Alien invasion from the kingdom of Protista

JOHN WRIGHT is a naturalist and forager who lives in rural West Dorset. He has written eight books, four of which were for River Cottage. He wrote the award-winning Forager’s Calendar and in 2021 his Spotter’s Guide to Countryside Mysteries was published.

My first Dorset encounter with a slime mould was forty years ago when I found several creeping (very slowly) across some pasture near the isolated, hilltop farmhouse in which I lived. They were up to a fifteen inches across and looked to me like pale scrambled egg. It was Mucilago crustacea. Such a name is not to everyone’s taste, and on a British Mycological Society fungus foray back in the early 1980s, it was referred to by slime mould specialist, Professor Bruce Ing, as the ‘Dog-sick’ fungus, due to its appearance. The name has stuck. M. crustacea is one of our largest slime moulds, but certain species can weigh in at twenty kilos. Slime moulds, it should be noted, are not fungi, plant or animal, but in another kingdom – the Protista - a ragbag of organisms that don’t seem to fit anywhere else. Slime moulds feed by crawling across grass, leaf-litter or deciduous wood where they consume bacteria, yeasts and other microorganisms. While feeding, they consist of billions of motile amoebae, and/or tadpole-like ‘cells’, plus slime. The ‘tadpoles’, incidentally, have two tails. Once satisfied, they settle down to fruit. In M. crustacea, it forms a mass of spores in the grass that looks like compacted cocoa powder, all crusted over by a membrane of dried mucilage. Another species, Enteridium lycoperdon, forms neat, white and rounded sporemasses on trees that look like small puffballs. Some, however, form almost unbelievably complex structures – the ‘lollipop’ form being the most common. Hundreds of spherical or cylindrical spore-bearing structures will cluster together, each on the end of a thin stem.

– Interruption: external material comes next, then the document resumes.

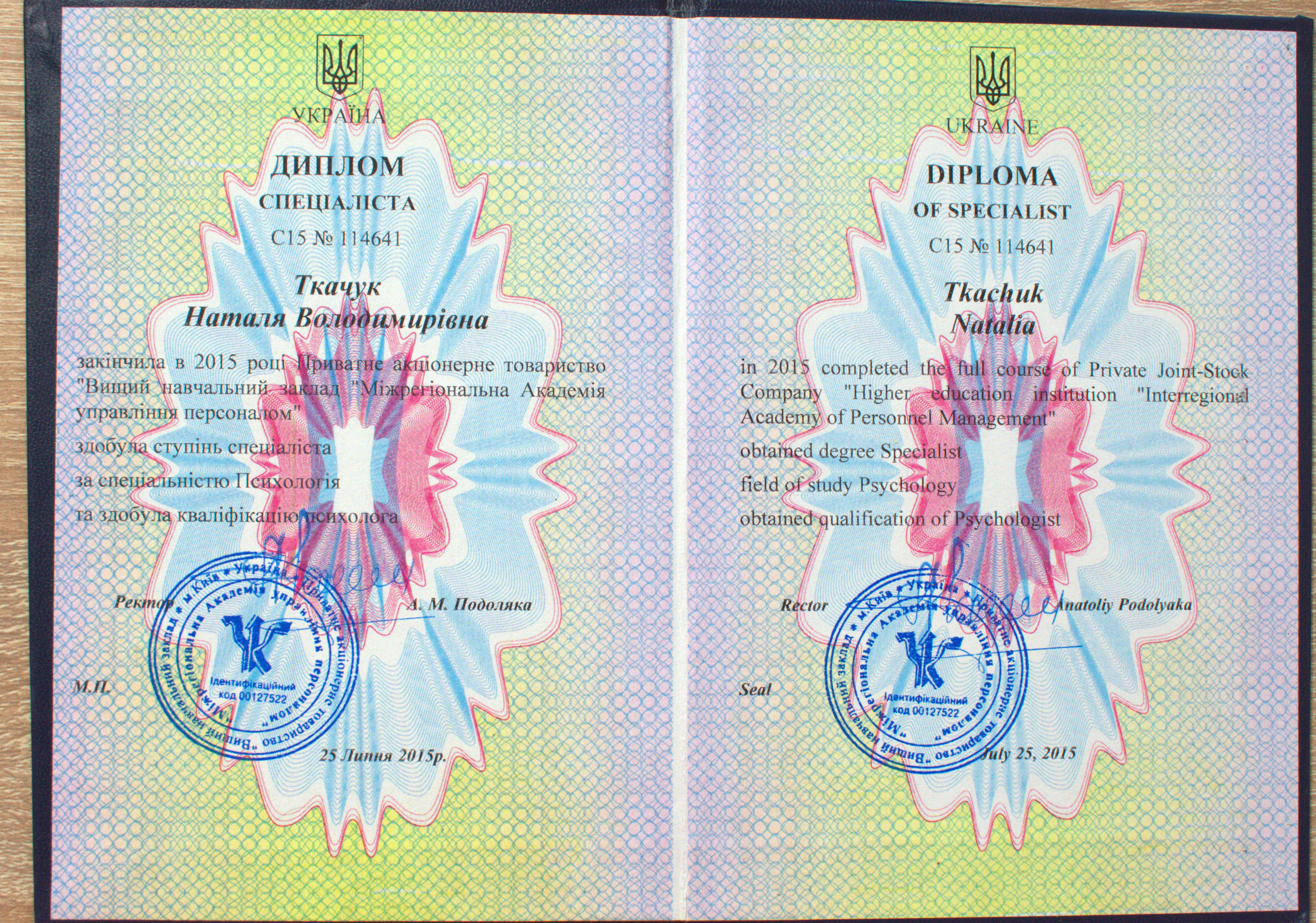 В 2015 году окончила Одесский институт МАУП и получила степень специалиста психологии.

Slime moulds, both when feeding (the plasmoidial stage, don’t you know) and in the fruiting stage, are often and inexplicably brightly coloured, with oranges, yellows, reds and purples predominating. The largest and most notorious of the slime moulds is the common Fuligo septica, which gained the title of the ‘Texas Blob’ when large masses of pulsating (slowly, again), radiating and brilliant orange slime were found in several back yards in Dallas. The householders, not unreasonably, feared an alien invasion and the authorities called in. Eventually it was identified as a particularly large occurrence of the slime mould, Fuligo septica, a species I see every year. You will not need to call in the military should you find a slime mould – they are utterly harmless. But do be careful if you collect a specimen of the Dog-sick Fungus – sometimes it is dog sick.